- [The task]:
What you write should be an exact repeat of the lines from the one with "[뉴스인스타 양철수기자] 5월" through the final line below, minus the pictures.

==== Supplied data

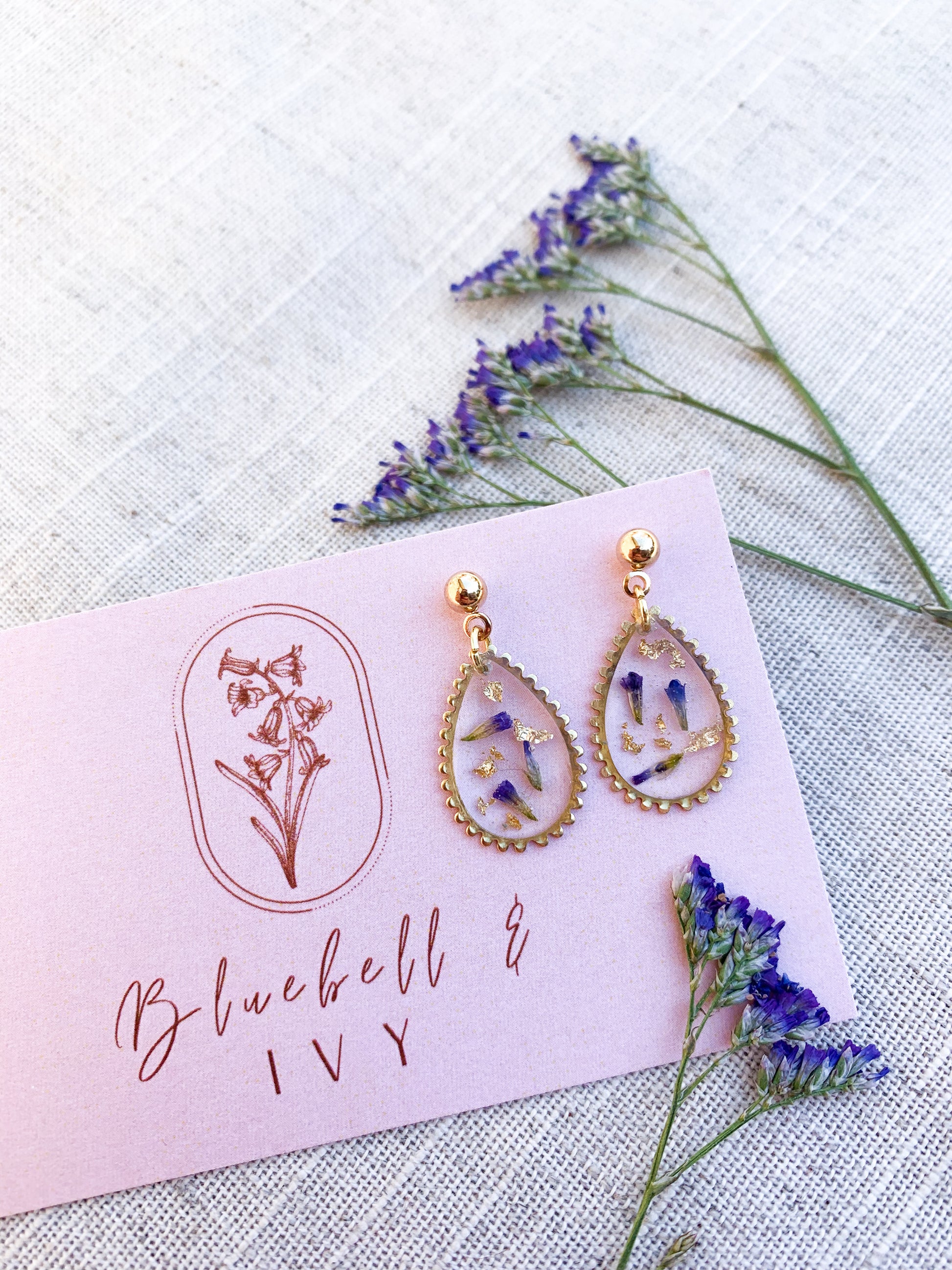 Teeny tiny pieces of purple Limonium nestled with a delicate scatter of gold leaf - framed by a beautiful gold coloured edged bezel.
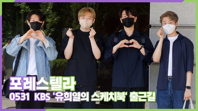 [뉴스인스타 양철수기자] 5월 31일(화) 오후, 서울시 영등포구 여의도 KBS 별관 공개홀에서 진행되는 KBS '유희열의 스케치북' 녹화에 참석하기 위해 크로스오버 그룹 포레스텔라 강형호, 고우림, 배두훈, 조민규가 방송국에 도착하고 있다.
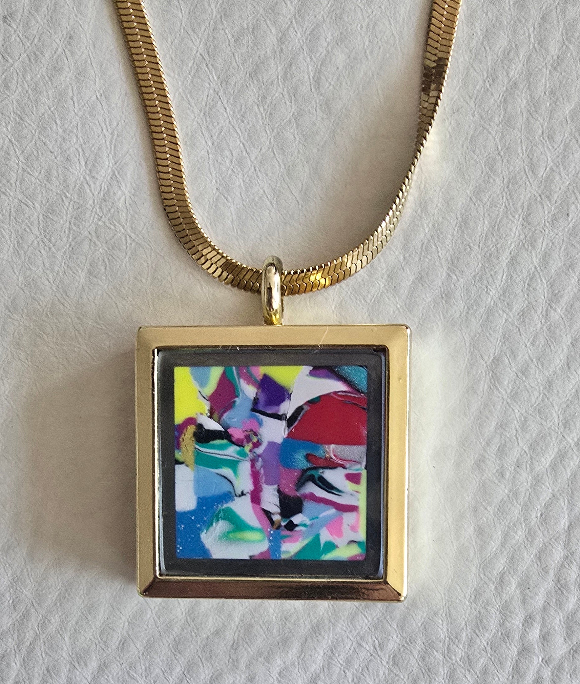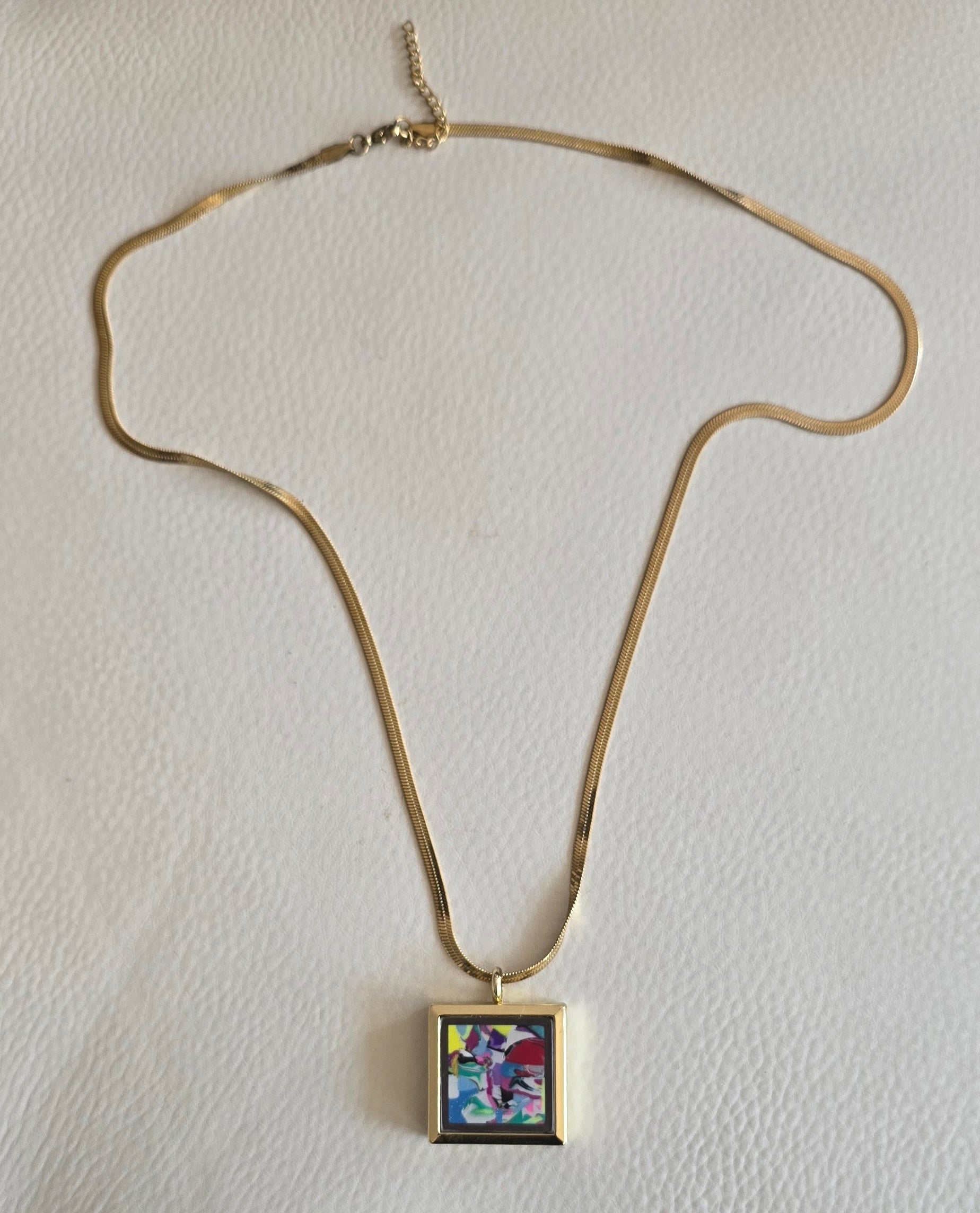A miniature universe of swirling colors—turquoise, neon yellow, magenta, black, and violet—encased within a pendant. Though small, the piece carries the same dynamic energy of Carter’s larger works, capturing movement, spontaneity, and oceanic vibrance. A wearable artwork designed to bring Goldenfin’s signature chaos and beauty into everyday life.

========

- [Finished exercise]:
 [뉴스인스타 양철수기자] 5월 31일(화) 오후, 서울시 영등포구 여의도 KBS 별관 공개홀에서 진행되는 KBS '유희열의 스케치북' 녹화에 참석하기 위해 크로스오버 그룹 포레스텔라 강형호, 고우림, 배두훈, 조민규가 방송국에 도착하고 있다.
A miniature universe of swirling colors—turquoise, neon yellow, magenta, black, and violet—encased within a pendant. Though small, the piece carries the same dynamic energy of Carter’s larger works, capturing movement, spontaneity, and oceanic vibrance. A wearable artwork designed to bring Goldenfin’s signature chaos and beauty into everyday life.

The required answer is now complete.